- EXERCISE
Within these entries, how many lines contain the word "during"? Answer with the number alone.

** Opening DATA block **

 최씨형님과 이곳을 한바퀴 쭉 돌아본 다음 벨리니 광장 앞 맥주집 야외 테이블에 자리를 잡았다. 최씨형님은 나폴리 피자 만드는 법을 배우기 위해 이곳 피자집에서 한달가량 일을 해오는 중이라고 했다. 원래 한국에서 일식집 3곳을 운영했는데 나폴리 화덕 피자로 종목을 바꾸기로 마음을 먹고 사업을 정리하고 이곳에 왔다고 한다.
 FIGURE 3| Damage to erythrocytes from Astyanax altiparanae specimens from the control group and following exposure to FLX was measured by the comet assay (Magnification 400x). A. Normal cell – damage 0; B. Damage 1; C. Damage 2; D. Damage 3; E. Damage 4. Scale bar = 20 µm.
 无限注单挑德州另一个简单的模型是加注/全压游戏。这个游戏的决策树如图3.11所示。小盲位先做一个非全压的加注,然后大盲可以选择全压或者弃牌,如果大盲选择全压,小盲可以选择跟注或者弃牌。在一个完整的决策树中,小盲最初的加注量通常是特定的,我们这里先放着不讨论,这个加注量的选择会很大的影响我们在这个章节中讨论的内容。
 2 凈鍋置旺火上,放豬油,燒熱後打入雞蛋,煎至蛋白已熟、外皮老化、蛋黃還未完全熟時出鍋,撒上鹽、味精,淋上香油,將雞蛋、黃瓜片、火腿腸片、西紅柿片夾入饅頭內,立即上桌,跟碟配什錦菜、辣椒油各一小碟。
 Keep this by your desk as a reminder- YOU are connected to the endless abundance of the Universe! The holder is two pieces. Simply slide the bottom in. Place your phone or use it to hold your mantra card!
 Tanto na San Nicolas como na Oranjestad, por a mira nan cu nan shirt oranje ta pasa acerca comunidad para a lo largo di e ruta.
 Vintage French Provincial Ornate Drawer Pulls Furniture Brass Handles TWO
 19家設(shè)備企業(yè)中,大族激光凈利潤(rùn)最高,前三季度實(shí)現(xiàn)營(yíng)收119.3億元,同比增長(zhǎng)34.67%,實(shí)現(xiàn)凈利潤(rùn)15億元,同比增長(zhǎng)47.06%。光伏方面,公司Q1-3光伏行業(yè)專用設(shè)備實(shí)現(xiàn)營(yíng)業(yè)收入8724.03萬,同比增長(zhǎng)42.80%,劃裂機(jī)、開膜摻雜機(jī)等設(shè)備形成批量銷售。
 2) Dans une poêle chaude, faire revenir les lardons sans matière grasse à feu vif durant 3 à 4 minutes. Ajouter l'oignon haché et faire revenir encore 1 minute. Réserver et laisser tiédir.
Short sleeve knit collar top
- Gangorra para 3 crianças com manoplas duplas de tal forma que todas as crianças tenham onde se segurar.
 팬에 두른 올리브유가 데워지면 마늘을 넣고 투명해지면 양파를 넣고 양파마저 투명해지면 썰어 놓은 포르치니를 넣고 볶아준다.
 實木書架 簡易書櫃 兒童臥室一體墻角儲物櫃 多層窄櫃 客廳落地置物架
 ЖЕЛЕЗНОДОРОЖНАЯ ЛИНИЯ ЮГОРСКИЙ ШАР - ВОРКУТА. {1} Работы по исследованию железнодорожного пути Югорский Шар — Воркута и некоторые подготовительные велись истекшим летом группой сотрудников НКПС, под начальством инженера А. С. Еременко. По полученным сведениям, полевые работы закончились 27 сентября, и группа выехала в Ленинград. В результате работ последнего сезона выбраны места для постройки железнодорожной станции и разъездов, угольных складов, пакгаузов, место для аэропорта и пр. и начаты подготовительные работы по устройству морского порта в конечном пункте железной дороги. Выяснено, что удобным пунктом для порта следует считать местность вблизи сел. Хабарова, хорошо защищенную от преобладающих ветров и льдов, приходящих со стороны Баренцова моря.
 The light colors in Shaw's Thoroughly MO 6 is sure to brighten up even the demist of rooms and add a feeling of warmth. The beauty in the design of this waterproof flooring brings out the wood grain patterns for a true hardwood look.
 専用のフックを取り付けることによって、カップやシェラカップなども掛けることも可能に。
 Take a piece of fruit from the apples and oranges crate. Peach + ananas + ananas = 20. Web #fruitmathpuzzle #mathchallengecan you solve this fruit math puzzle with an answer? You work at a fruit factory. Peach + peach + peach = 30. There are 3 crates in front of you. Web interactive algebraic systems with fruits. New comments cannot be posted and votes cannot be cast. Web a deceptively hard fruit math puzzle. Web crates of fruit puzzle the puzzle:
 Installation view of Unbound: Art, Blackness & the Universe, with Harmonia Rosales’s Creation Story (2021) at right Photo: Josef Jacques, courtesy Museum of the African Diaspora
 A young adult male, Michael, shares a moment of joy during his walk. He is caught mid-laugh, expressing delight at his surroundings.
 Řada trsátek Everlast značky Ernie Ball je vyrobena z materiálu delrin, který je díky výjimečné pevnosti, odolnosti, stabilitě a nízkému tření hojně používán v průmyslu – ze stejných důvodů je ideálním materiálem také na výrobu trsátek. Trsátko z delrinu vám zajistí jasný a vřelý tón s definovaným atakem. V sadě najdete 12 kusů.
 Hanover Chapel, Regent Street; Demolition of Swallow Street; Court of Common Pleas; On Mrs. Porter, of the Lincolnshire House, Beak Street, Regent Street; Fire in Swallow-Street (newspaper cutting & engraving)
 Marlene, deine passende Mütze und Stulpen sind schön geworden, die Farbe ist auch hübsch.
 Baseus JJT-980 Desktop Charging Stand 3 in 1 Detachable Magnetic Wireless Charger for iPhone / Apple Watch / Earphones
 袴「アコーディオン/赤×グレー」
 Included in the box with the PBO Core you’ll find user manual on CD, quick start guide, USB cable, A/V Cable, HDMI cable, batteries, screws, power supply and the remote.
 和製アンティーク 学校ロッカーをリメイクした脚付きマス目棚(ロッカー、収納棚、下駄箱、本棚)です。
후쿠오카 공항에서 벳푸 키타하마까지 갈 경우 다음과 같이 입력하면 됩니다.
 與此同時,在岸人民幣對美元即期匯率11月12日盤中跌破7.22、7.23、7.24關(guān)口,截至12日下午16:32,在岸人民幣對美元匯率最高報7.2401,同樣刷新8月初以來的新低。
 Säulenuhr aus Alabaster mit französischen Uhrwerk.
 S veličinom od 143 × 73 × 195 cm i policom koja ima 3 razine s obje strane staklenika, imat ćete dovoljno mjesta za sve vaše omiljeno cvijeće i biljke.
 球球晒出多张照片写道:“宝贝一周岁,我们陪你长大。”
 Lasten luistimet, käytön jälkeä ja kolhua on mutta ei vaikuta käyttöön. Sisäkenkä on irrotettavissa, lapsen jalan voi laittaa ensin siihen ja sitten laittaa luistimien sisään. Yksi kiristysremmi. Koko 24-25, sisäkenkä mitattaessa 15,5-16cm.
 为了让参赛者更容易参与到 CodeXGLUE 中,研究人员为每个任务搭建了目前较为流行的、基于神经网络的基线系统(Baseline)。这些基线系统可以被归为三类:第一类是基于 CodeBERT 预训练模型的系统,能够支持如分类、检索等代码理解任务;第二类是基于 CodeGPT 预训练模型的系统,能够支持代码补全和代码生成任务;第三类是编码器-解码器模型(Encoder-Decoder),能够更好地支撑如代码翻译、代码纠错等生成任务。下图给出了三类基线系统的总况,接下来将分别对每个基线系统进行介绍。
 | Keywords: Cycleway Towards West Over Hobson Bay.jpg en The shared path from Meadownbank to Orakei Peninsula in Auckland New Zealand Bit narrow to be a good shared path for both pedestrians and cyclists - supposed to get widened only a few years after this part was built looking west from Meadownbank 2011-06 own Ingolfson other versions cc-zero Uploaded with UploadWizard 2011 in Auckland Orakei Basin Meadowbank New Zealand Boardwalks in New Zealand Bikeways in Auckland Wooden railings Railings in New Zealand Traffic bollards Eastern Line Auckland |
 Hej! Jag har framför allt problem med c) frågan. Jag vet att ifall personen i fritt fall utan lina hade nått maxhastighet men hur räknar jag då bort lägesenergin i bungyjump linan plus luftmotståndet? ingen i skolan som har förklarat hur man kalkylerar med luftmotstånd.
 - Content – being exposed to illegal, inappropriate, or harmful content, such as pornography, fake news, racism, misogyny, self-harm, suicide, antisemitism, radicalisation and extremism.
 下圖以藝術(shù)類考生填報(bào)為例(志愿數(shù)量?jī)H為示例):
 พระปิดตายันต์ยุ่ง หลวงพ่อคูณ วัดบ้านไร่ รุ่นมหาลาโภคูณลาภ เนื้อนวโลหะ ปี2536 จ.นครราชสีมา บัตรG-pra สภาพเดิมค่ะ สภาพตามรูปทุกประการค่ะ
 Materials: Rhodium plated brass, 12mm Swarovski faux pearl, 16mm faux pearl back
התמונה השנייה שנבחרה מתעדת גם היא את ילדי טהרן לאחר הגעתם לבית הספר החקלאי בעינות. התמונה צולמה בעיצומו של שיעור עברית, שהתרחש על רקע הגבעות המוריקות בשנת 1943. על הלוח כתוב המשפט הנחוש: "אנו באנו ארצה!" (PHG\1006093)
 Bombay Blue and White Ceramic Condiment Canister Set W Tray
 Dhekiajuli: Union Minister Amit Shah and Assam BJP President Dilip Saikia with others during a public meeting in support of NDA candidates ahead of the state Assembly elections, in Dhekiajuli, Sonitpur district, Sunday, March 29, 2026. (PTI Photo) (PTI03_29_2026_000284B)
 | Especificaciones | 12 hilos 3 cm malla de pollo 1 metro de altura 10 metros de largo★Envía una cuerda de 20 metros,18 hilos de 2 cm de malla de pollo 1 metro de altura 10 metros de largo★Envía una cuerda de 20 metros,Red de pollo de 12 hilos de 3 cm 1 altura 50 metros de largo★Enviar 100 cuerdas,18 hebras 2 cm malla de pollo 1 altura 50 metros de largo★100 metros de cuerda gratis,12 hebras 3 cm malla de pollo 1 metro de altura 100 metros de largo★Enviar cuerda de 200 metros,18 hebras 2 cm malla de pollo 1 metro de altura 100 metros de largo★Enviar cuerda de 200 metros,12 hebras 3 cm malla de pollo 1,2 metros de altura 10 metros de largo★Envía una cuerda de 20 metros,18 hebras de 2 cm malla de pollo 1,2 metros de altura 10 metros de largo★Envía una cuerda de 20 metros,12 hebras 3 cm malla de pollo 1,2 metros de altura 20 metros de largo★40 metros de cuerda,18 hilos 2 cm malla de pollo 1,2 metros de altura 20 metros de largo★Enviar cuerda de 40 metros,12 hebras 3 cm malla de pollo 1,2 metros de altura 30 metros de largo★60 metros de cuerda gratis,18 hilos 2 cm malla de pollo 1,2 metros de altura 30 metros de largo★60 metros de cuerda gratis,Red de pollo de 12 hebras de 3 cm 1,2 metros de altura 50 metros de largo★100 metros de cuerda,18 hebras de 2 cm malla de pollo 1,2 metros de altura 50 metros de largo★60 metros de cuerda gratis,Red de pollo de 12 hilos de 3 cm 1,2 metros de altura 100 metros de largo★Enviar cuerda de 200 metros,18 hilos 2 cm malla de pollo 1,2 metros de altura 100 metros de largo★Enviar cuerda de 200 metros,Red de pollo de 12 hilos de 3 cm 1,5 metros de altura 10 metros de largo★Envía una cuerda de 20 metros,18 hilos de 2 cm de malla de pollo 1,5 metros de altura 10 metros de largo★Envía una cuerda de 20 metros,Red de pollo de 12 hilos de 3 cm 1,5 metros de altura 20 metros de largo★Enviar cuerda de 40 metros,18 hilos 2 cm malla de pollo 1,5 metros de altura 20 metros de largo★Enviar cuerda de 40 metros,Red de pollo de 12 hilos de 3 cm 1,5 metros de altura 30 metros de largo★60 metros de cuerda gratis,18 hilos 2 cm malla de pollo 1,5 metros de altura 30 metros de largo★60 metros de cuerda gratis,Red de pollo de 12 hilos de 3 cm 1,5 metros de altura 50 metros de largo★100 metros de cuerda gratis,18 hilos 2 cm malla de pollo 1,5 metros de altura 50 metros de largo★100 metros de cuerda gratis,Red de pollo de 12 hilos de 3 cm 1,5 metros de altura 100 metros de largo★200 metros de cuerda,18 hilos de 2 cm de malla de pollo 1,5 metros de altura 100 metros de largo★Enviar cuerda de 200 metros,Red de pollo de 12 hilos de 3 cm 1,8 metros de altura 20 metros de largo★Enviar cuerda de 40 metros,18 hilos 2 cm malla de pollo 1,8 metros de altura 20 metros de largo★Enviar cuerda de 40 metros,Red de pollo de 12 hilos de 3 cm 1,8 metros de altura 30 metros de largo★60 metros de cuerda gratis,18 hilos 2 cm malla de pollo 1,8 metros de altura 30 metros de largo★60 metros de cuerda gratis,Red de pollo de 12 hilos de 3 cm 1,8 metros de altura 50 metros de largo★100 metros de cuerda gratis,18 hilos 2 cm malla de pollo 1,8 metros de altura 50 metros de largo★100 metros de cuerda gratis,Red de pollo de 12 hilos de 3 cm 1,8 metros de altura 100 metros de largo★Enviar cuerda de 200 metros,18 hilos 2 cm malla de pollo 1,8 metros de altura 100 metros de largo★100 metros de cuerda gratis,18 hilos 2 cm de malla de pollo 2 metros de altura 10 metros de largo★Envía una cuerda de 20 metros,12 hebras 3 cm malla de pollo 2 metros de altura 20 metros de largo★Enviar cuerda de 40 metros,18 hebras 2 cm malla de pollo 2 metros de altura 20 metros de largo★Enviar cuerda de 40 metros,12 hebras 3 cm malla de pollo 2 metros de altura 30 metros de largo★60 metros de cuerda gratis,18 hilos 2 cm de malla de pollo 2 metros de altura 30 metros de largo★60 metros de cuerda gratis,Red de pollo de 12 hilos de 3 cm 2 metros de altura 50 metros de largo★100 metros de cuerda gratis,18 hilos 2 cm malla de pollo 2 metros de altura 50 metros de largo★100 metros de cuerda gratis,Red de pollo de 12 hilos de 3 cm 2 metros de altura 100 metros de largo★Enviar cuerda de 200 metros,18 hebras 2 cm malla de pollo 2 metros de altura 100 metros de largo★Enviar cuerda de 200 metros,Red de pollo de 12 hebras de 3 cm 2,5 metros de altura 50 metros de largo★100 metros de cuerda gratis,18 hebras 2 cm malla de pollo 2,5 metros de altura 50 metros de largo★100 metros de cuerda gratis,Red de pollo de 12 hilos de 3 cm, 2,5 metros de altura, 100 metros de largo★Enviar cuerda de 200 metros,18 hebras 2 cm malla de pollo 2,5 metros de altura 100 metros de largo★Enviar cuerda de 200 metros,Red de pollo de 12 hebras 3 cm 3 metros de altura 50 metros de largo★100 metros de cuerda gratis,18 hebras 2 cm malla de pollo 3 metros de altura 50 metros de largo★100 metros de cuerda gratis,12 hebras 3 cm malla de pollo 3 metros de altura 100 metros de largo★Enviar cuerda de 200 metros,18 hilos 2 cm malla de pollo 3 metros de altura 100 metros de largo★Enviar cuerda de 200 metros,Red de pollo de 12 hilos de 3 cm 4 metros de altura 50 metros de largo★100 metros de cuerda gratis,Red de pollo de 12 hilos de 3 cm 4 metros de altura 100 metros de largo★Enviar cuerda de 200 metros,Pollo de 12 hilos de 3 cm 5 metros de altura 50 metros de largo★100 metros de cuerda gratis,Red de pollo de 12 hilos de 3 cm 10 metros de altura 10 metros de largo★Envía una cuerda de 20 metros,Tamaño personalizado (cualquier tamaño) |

** Closing DATA block **

- SOLUTION TO THIS EXERCISE
2